On the other side: the hollow echo. Ugly reduced to pastiche. Here, the provocation is simply posturing. Sampling of sampling. Aestheticised rebellion that says nothing new. Basquiat clones painted for coffee-table impact. Another “something-core”. JoJo Siwa twisting a nursery rhyme into a trauma-pop anthem that seems aimed at no one in particular. This kind of ugly is a diluted costume packaged for engagement. Performative rebellion curated for the algorithm. When anything can be aestheticised, even the ugly becomes a branding tool.

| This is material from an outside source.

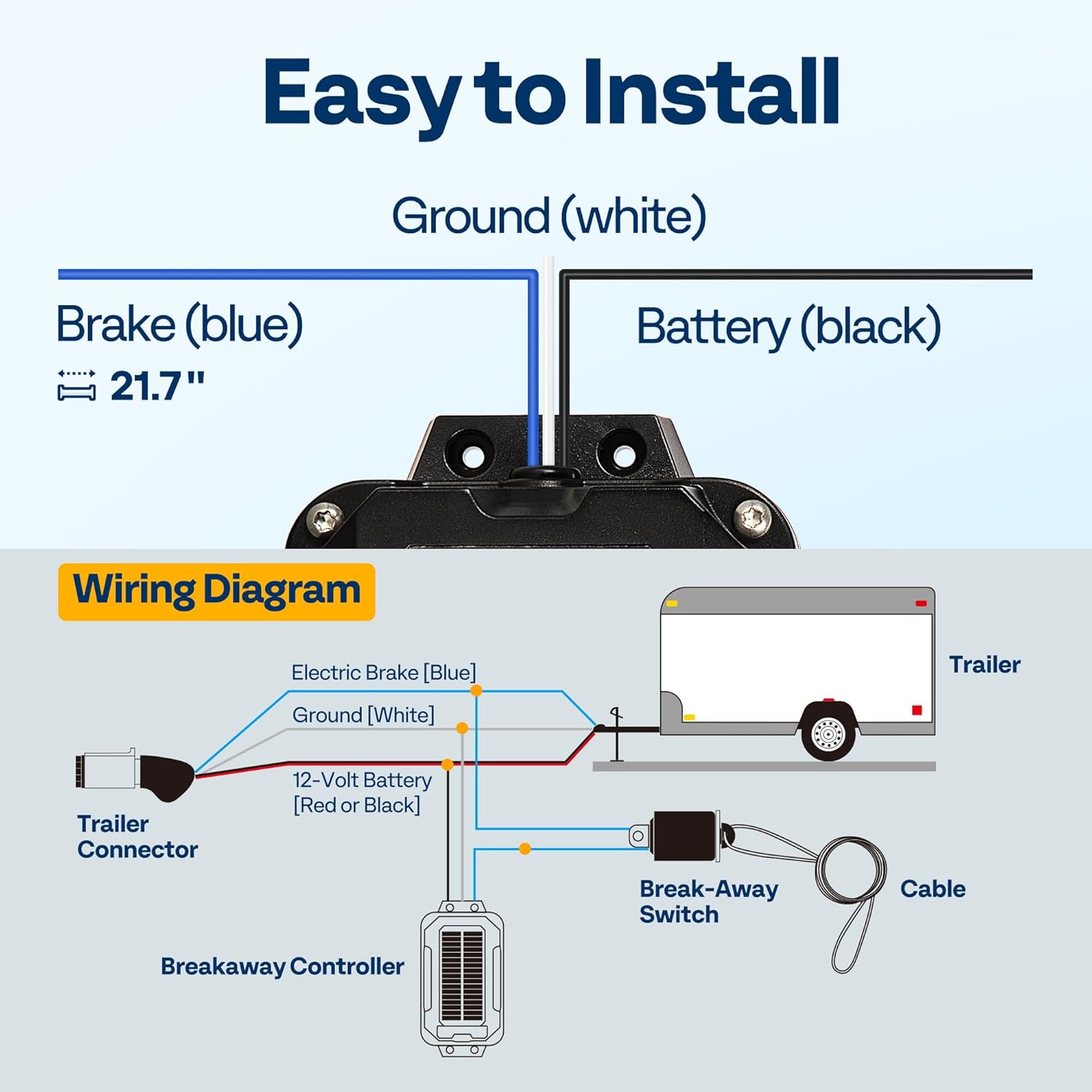 EASY TO INSTALL – The solar trailer brake controller kit comes with color-coded cables for the battery (black), brake (blue), and ground (white); The side-mounted design does not require complex installation steps and is fast and convenient to install; The breakaway switch is equipped with flexible cable, and the battery box features pre-drilled mounting holes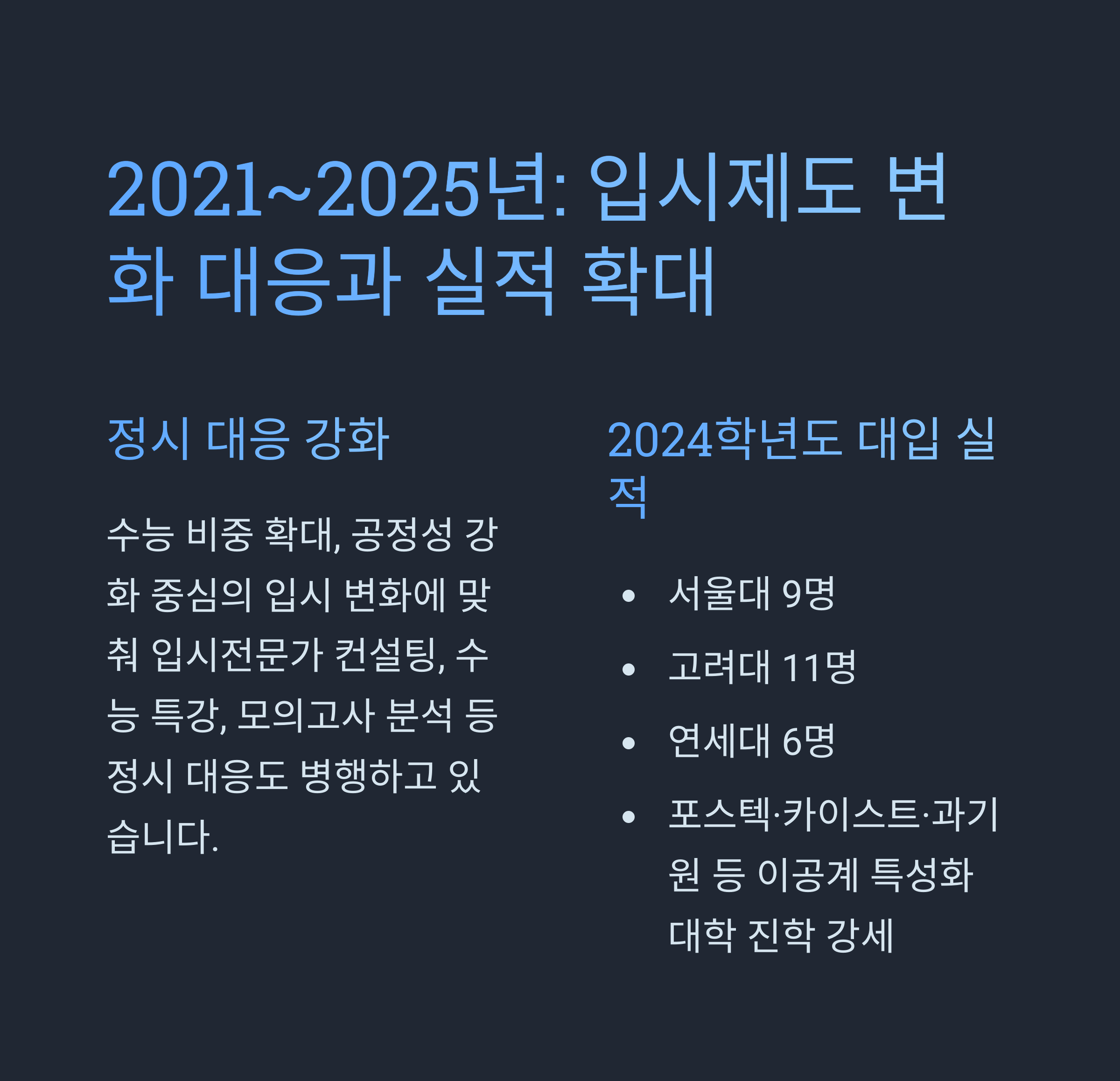 2021~2025년: 입시제도 변화 대응과 실적 확대

Hellraiser (1987), Labubus

Taxonomy of the New Ugly

Hellraiser doesn’t scare us anymore, but Labubus reselling online for $700 do. AI Sycophancy, overconsumption trends and some other cultural tremors reveal deeper discontents. Signs include:

Permission to be Ugly

Where does that leave us? Is there still space to be truly unprocessed, unoptimised, unwatchable – without it becoming content? In a culture where beauty is currency and vulnerability is capital, maybe ugliness offers a new kind of refuge. A place where algorithms falter. The new ugly, post-rupture, offers air – a pause from the seamless spectacle. Maybe it’s just about opting out, if only for a moment. Simply to exist.

Ex-Libris (1939)

Lessons in Ugly

The old ugly shielded us from contagion; the new ugly protects us from delusion. It reminds us that not everything can be sold — nor should it be. Sensorial provocation becomes a kind of numbing. The new ugly surfaces where reality is denied and emotion is flattened. It’s an alarm bell when stories become too smooth to trust. Its dissonance jolts us – the gut flinch, the brain sensing that something’s off, that we’ve slipped into another state of awareness, half-asleep. The new ugly isn’t here to scare us. It’s here to wake us up.